Tech

The Onion Teams With Sony Music to Create Podcasts for ‘Presumably Illiterate People’

America’s finest news source is jumping on the podcast bandwagon.

The Onion, the satirical news brand owned by G/O Media, inked a partnership with Sony Music Entertainment to create original podcasts. The first project is “The Topical,” a new daily podcast (seemingly a spoof of the New York Times’ popular “The Daily”) focused on current events, which is slated to launch in January 2020.

Under the pact, the Onion will oversee all creative aspects of the podcast, including writing, production and recording. UTA represented The Onion in the agreement.

“The Onion is thrilled to have found a stalwart ally in Sony Music Entertainment to help it dominate yet another medium in the world of journalism,” Jordan LaFlure, executive editor at The Onion, said in a prepared statement. “A daily news podcast provides an opportunity for The Onion to access and inform billions of presumably illiterate people previously deprived of the finest reporting the world has ever known.”

The Onion previously dipped its toe in the podcasting waters with “A Very Fatal Murder,” a lampoon of the true-crime genre (which is enormously popular in the podcast world). Season 2 of the series launched on Luminary earlier this year.

For Sony Music, the Onion partnership is the latest move to capitalize on the continuing surge in podcast listening.
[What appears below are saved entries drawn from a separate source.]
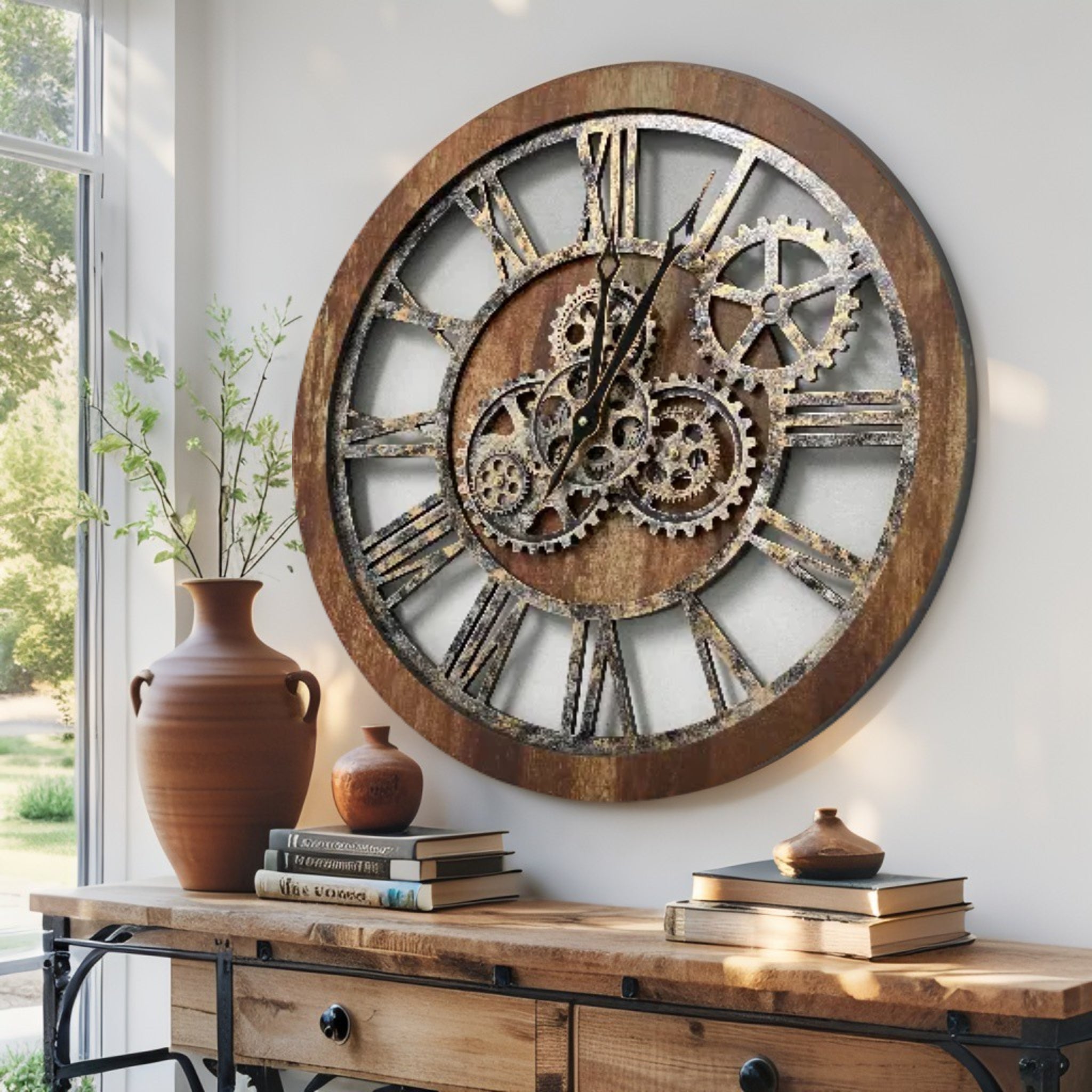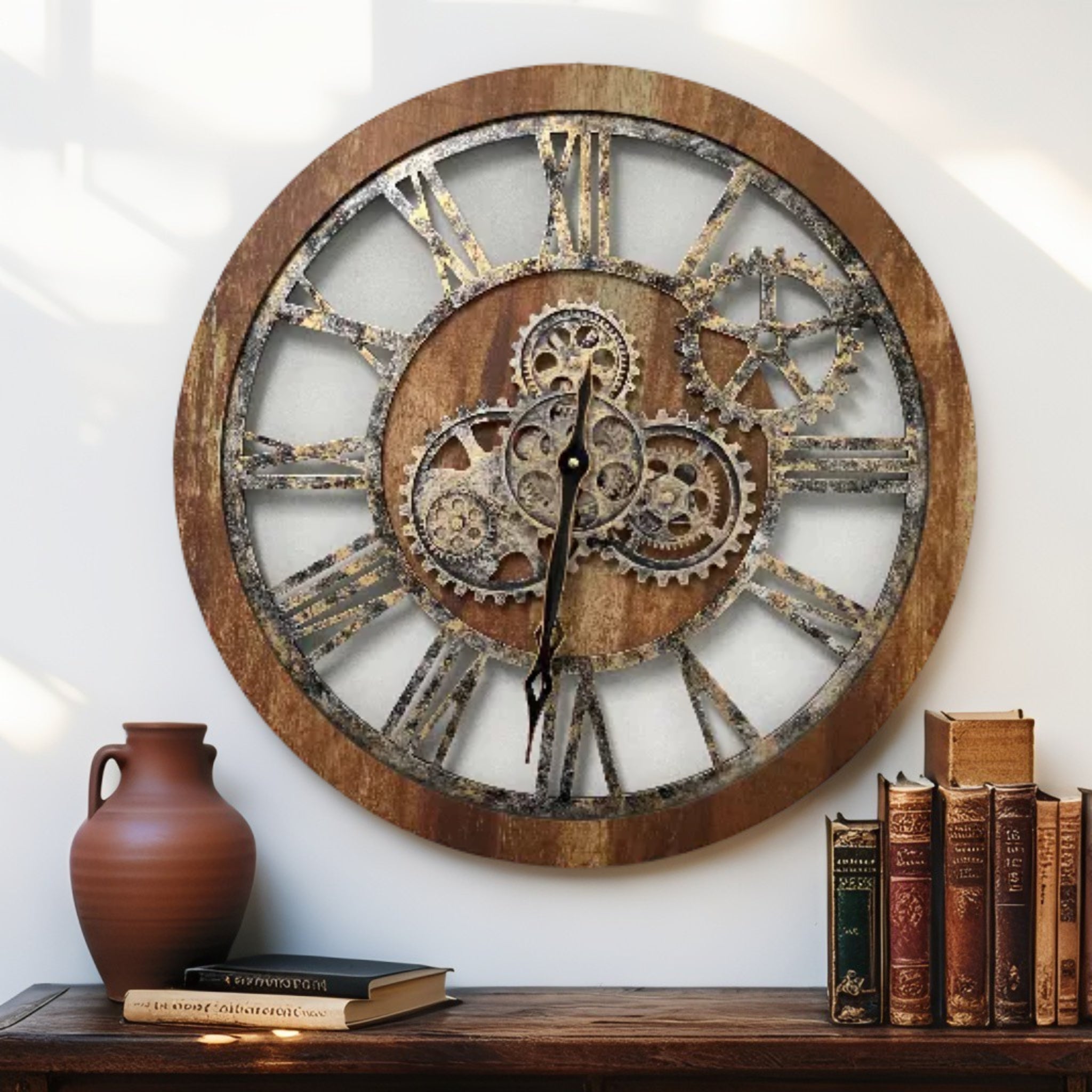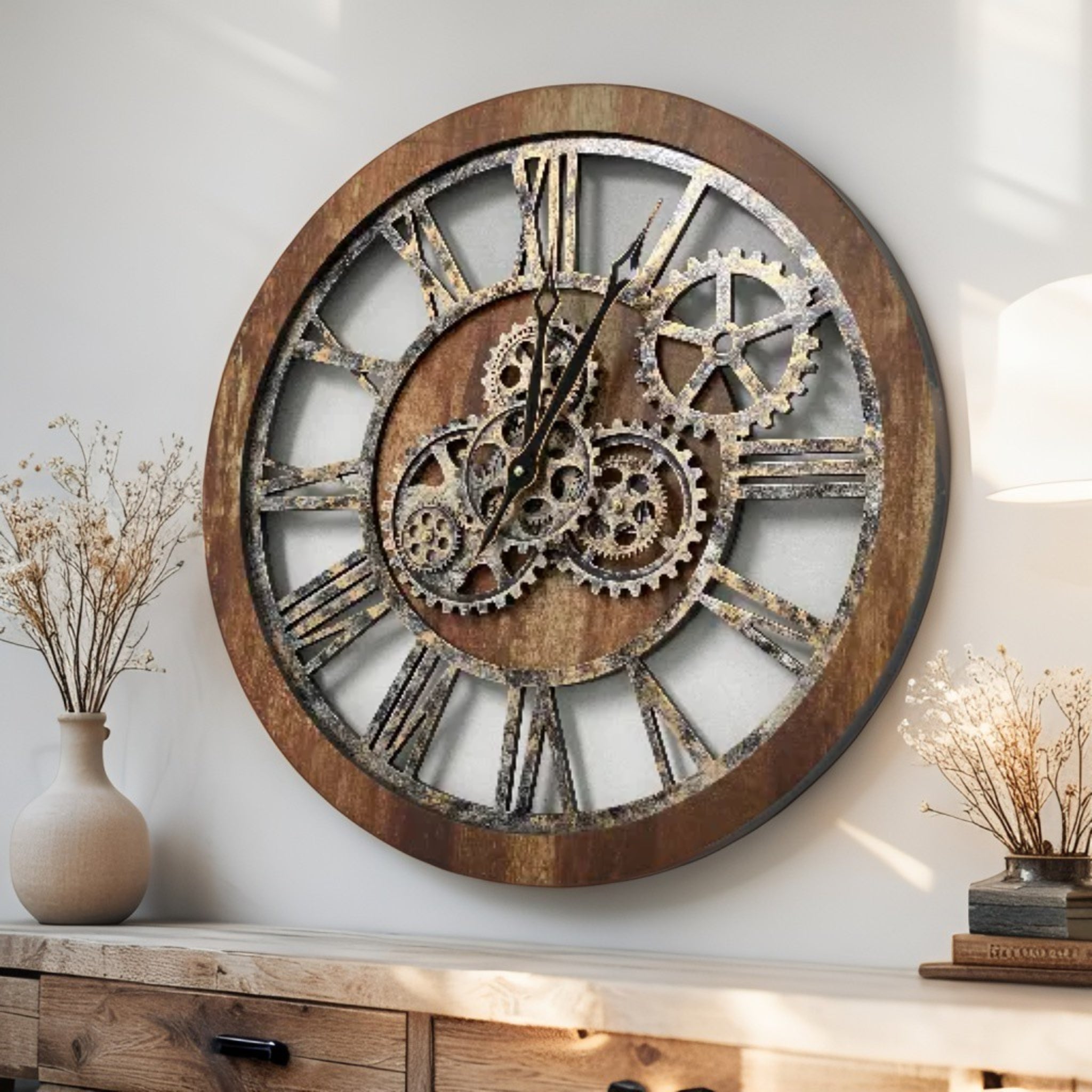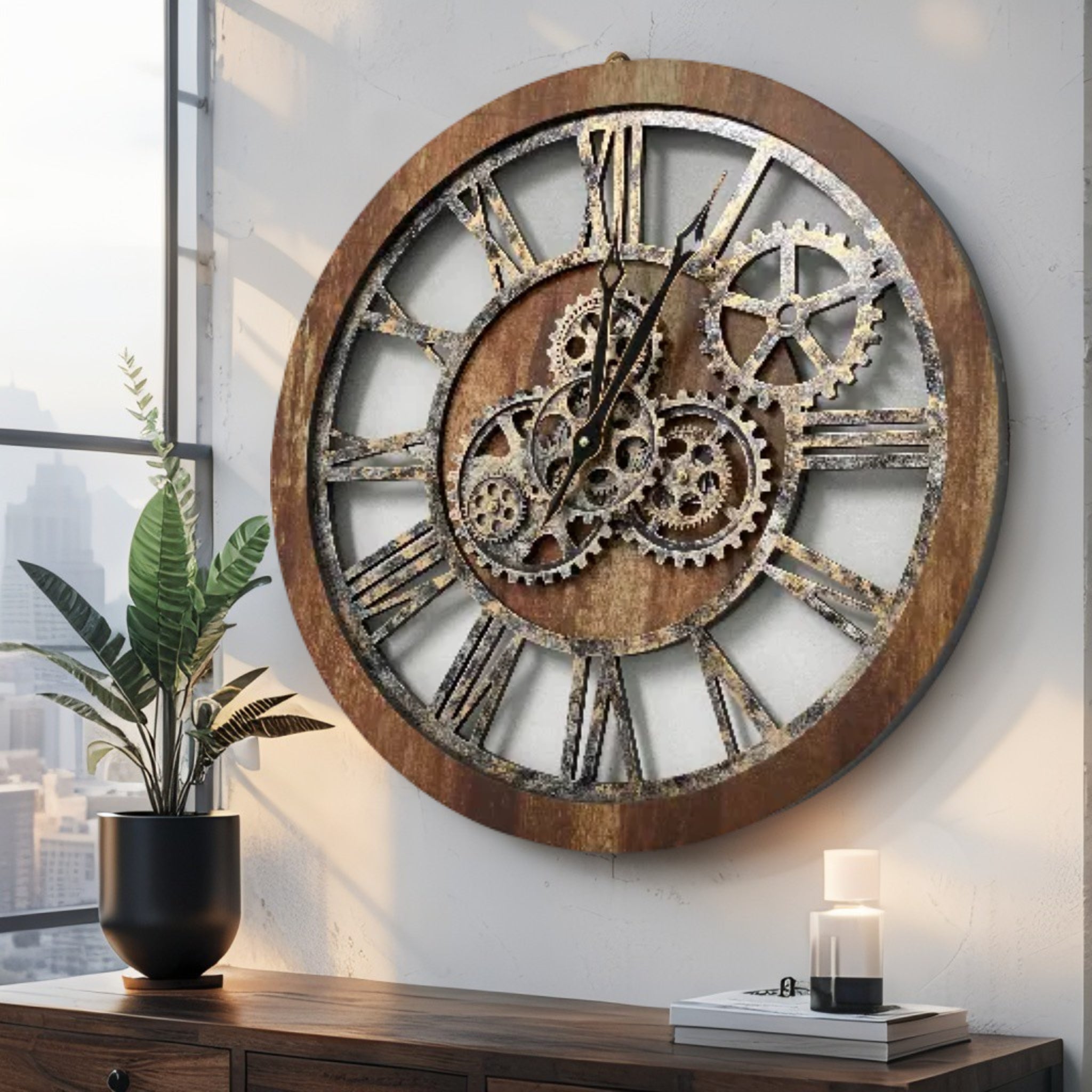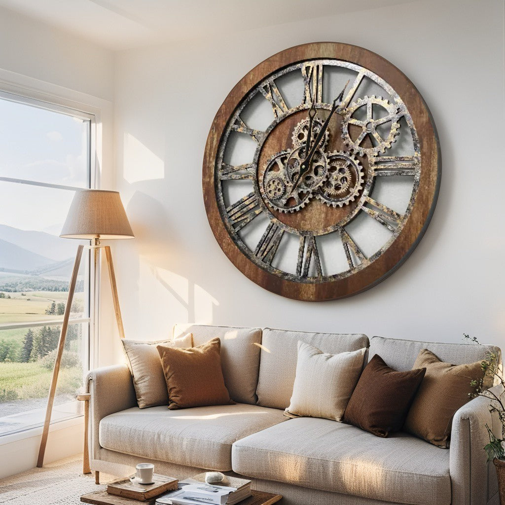 - PERFECT FOR ALL ROOMS | This unique Industrial vintage Steampunk Real Moving gears clock is the perfect clock to dress up a wall in your kitchen, living room, bedroom, bathroom, family room, den, office, Restaurant, Workplace......anywhere!
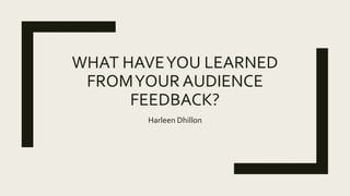 The filmmaker received feedback from audience questionnaires after a premiere screening of their horror film. The feedback indicated that the editing transitions could be improved as they were too obvious and did not flow well. However, the sounds used in the film were effective at creating tension and suspense based on the filmmaker's research of horror conventions. Some of the lighting and props also received positive feedback for helping set the dark, low-key tone typical of horror films. Feedback on promotional materials like posters and a double-page spread helped the filmmaker refine the visual elements to better capture horror aesthetics and conventions.
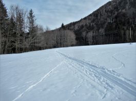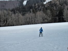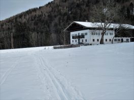 Nun ja, einfach mal Ausprobieren! Ich fahre zum Wanderparkplatz Aigen und habe Glück: mein Tacho zeigt genau 15 km an und es ist eine wunderschöne Winterlandschaft hier am Fusse der Kampenwand, wie die aktuellen Fotos zeigen. Zahlreiche Wanderer, Skitourengeher und Schlittenfahrer sind unterwegs auf der Strasse hinauf zur Maisalm, auf der man rasant herunterrodeln kann. Die Loipe ist nicht gespurt, im Wald liegt zu wenig Schnee für das Loipengerät. Aber ein einsamer Langläufer ist auf einer wilden Spur unterwegs und dreht eine Runde um den alten Bauernhof in Aigen. Ich laufe auch ein paar Runden und freue mich, Langlaufen scheint auch für die nächsten Wochen gesichert!
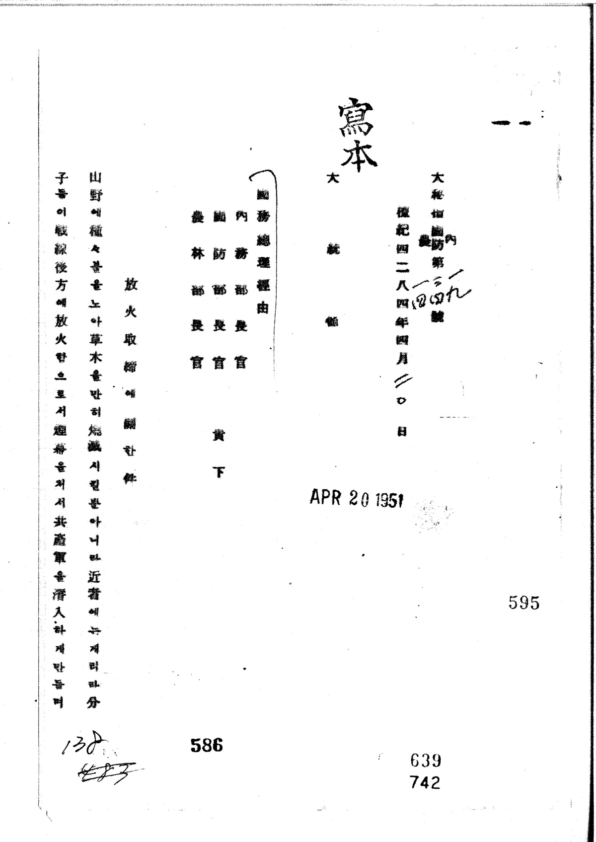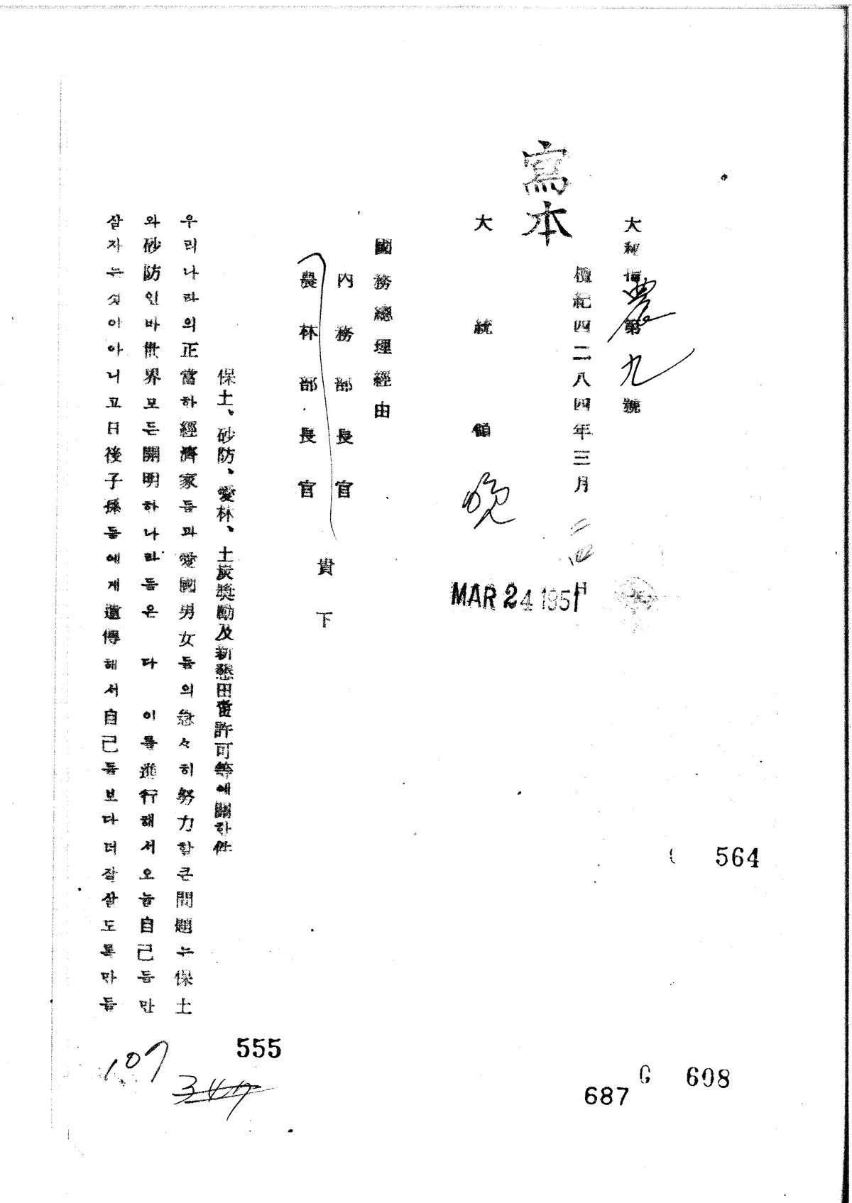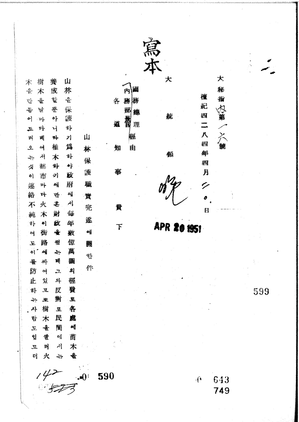 | 23 | 대통령기록물 | 산림 보호직책 완수에 관한 건 | 대통령비서실 | 1951 |

The music company teamed up earlier this year with producers Adam Davidson and Laura Mayer to form Brooklyn-based Three Uncanny Four Productions and recently announced a deal with U.K.-based producer Renay Richardson for podcast joint venture Broccoli Content.

“The Onion is synonymous with great topical and cultural satire and we are thrilled to be working with them to further expand their presence in podcasting,” said Tom Mackay, president of film and TV A&R for Sony Music.

Private-equity backed G/O Media bought Chicago-based Onion Inc., along with sites formerly housed under the Gizmodo Media Group, in a deal with Univision in April 2019. Employees of the acquired properties have clashed with the new owners, most publicly when the entire Deadspin editorial team quit last week in protest over G/O Media’s insistence that the site limit coverage to sports — a directive triggered by Deadspin staffers writing articles critical of the parent company.